You can also top with grilled chicken breast to make a complete meal. 

Lettuce Wedge

Growing up in the 50's this is right out of the 50's and seems to be back in vogue again.  Super simple the way I like it.

1 tablespoon grated lemon zest
2 tablespoons lemon juice
1 tablespoon honey
Salt and pepper
1 cup mayonnaise
2 large heads iceberg lettuce, quartered

Combine grated lemon zest, lemon juice, honey, salt and pepper in a small bowl.
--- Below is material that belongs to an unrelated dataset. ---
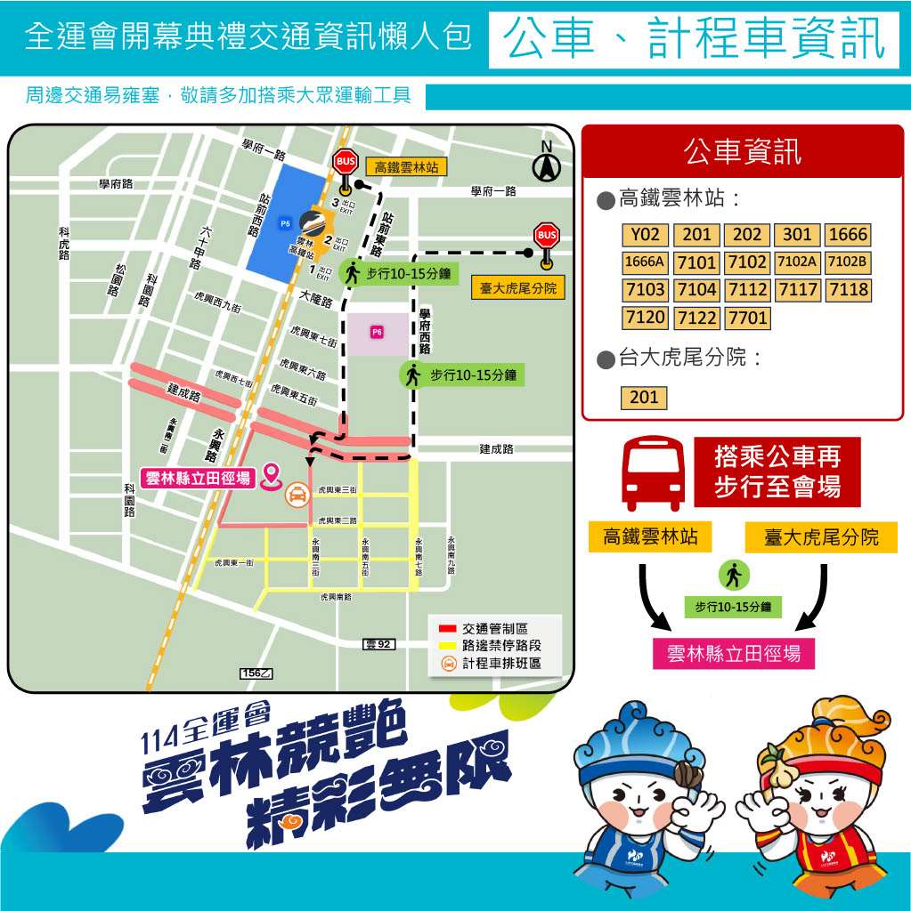 雲林縣政府呼籲民眾請儘早出門、善用大眾運輸與免費接駁車,為運動盛會加油,也為交通順暢盡一份心力!

Add 2 tablespoons of hot water and mix well. Add mayonnaise and stir until smooth. The dressing can be made up to 3 days in advance; cover and refrigerate.

Arrange iceberg wedges on plates or a serving platter. Drizzle some dressing over each, sprinkle with pepper and serve. Serve with remaining dressing on the side.

Grilled Lettuce

Lately the thing is to grill everything including lettuce.  Endive lettuce grills nicely, but you can also do radicchio wedges or romaine and serve it with your favorite vinaigrette.  

My Story

I have given you my 4 favorite lettuce salads, that being the lettuce oriental salad, the Cobb salad, the Olive Garden salad and the Caesar salad.  I usually do not use any type of recipe for a salad.  My absolute favorite salad is my mother’s apple salad which I will give you in my apple recipes later. 

In making a salad, what ever I have usually dictates what goes in my lettuce salads.  I love to add nuts such as pecans or walnuts and fruit such as raspberries from my garden or mandarin oranges.  What is in the salad dictates what dressing I use.  I love a raspberry salad dressing with nuts, fresh raspberries and  lettuce.  I might top the salad with ham or what ever meat I may have cold in the refrigerator (cold pork roast is great or of course cold chicken).  I like to play with oils and vinegar and make my own dressings.  Recently I made a salad with mandarin oranges so used the juice as a base for my vinaigrette.  I had bought some beautiful white peach balsamic vinegar in Chicago and I think I may have made the best dressing I have ever had.  Play with your food.  It's fun and entertaining.  You may come up with an exciting new recipe on your own.

Tomorrow I'll start my chapter on apples.

Be happy and may God bless you and yours.